=== TASK PROMPT ===
All of the data below should be printed again word for word, pictures excluded.
___ THE DATA ___
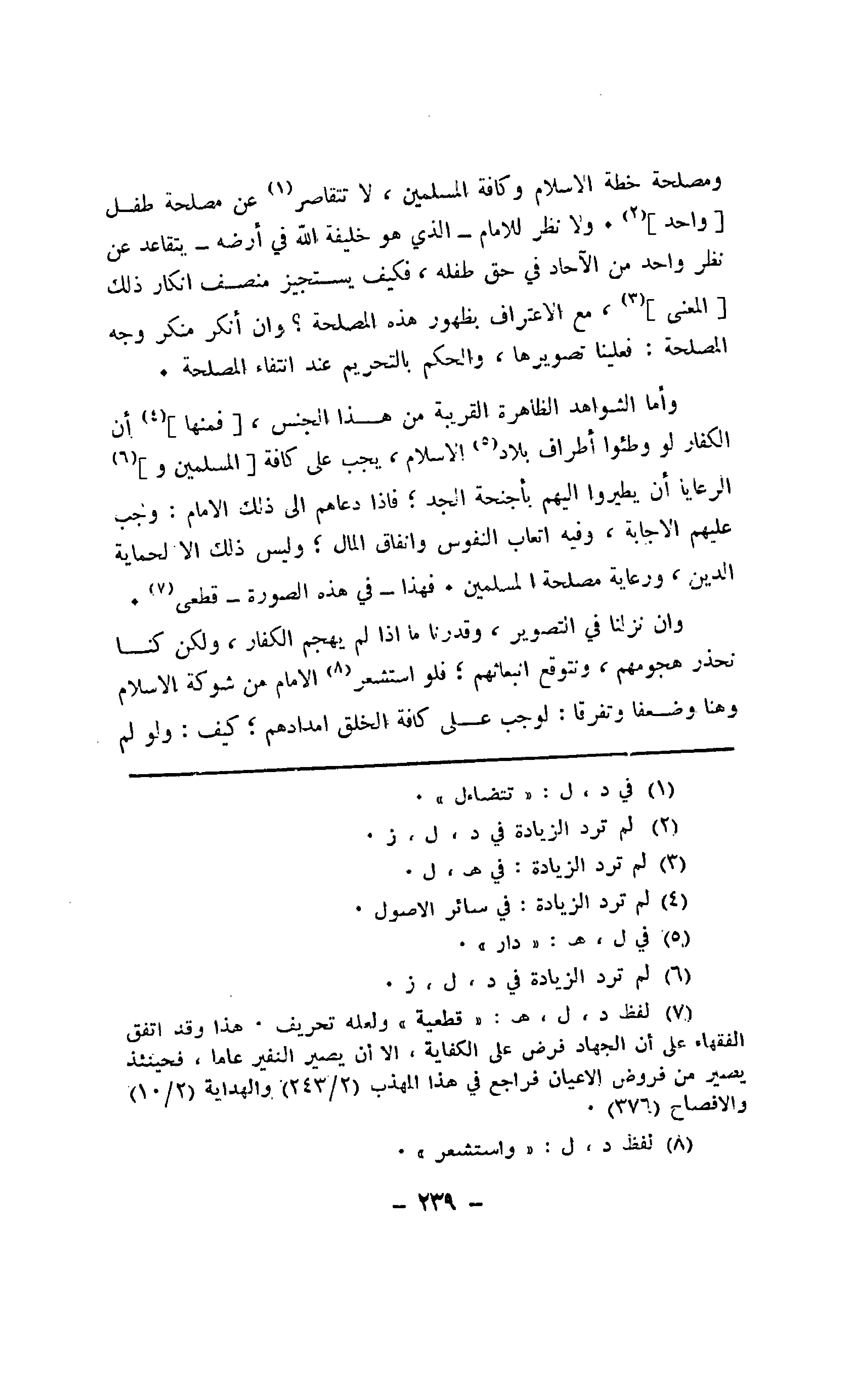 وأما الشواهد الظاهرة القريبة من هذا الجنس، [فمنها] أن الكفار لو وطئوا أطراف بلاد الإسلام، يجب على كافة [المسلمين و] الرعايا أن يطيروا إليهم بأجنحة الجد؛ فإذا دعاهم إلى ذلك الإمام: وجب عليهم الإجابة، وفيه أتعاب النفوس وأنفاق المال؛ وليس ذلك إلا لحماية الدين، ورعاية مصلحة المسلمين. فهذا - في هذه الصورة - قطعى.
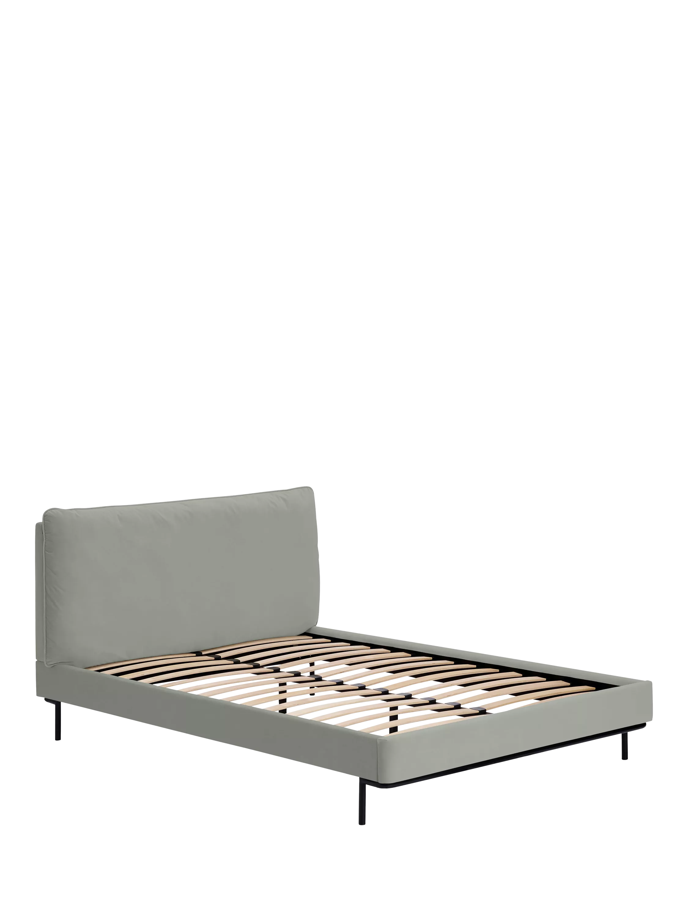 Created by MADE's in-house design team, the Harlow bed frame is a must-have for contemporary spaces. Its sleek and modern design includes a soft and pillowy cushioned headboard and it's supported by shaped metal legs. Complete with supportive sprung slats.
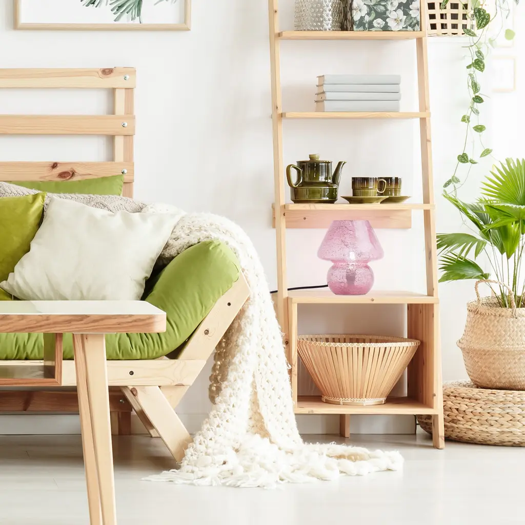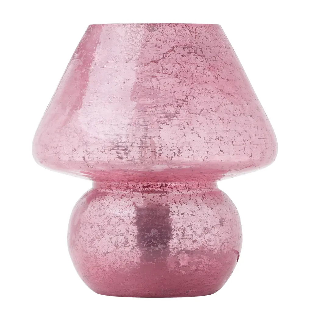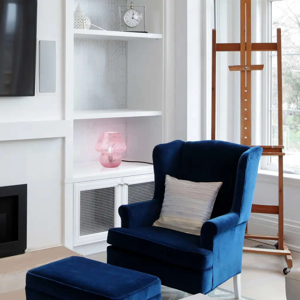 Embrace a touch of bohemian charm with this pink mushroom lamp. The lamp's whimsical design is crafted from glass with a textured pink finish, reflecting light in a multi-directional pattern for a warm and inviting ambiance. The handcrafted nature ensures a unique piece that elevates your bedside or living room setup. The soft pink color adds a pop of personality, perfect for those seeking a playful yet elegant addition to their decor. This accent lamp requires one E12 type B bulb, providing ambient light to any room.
___
=== RESPONSE AREA ===
 وأما الشواهد الظاهرة القريبة من هذا الجنس، [فمنها] أن الكفار لو وطئوا أطراف بلاد الإسلام، يجب على كافة [المسلمين و] الرعايا أن يطيروا إليهم بأجنحة الجد؛ فإذا دعاهم إلى ذلك الإمام: وجب عليهم الإجابة، وفيه أتعاب النفوس وأنفاق المال؛ وليس ذلك إلا لحماية الدين، ورعاية مصلحة المسلمين. فهذا - في هذه الصورة - قطعى.
 Created by MADE's in-house design team, the Harlow bed frame is a must-have for contemporary spaces. Its sleek and modern design includes a soft and pillowy cushioned headboard and it's supported by shaped metal legs. Complete with supportive sprung slats.
 Embrace a touch of bohemian charm with this pink mushroom lamp. The lamp's whimsical design is crafted from glass with a textured pink finish, reflecting light in a multi-directional pattern for a warm and inviting ambiance. The handcrafted nature ensures a unique piece that elevates your bedside or living room setup. The soft pink color adds a pop of personality, perfect for those seeking a playful yet elegant addition to their decor. This accent lamp requires one E12 type B bulb, providing ambient light to any room.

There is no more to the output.